• _What you should do_: Copy the data exactly. Images are the one exception.

• _Provided data_:
[Start of section]

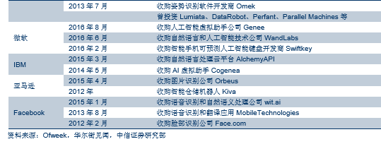 科技公司亦通过投资并购获取人工智能技术平台与研发人才。包括苹果、谷歌、英特尔、微软等公司在内的科技巨头,纷纷外延收购人工智能创业公司,标的公司主要集中于计算机视觉、图像识别、语义识别等领域。
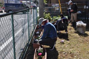 10月29日(土)に与野駅に近い旭町自治会と寿町自治会で花de植花夢事業による花植が行われました。
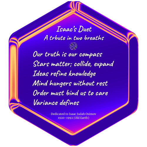 The following vignette is not part of World Beyond the Song canon, but a playful imagining. I asked myself: what would happen if Issi, bard of symmetry and ceremony, and JL, the pretended poet of metaphor, stood before the plaque in the Advanced Observation Deck to debate the words carved in honor of Isaac Asimov? The result is a duet of order and breath, permanence and memory—a reminder that even in fiction, variance defines us.

[End of section]

• _Exercise solution_:
 科技公司亦通过投资并购获取人工智能技术平台与研发人才。包括苹果、谷歌、英特尔、微软等公司在内的科技巨头,纷纷外延收购人工智能创业公司,标的公司主要集中于计算机视觉、图像识别、语义识别等领域。
 10月29日(土)に与野駅に近い旭町自治会と寿町自治会で花de植花夢事業による花植が行われました。
 The following vignette is not part of World Beyond the Song canon, but a playful imagining. I asked myself: what would happen if Issi, bard of symmetry and ceremony, and JL, the pretended poet of metaphor, stood before the plaque in the Advanced Observation Deck to debate the words carved in honor of Isaac Asimov? The result is a duet of order and breath, permanence and memory—a reminder that even in fiction, variance defines us.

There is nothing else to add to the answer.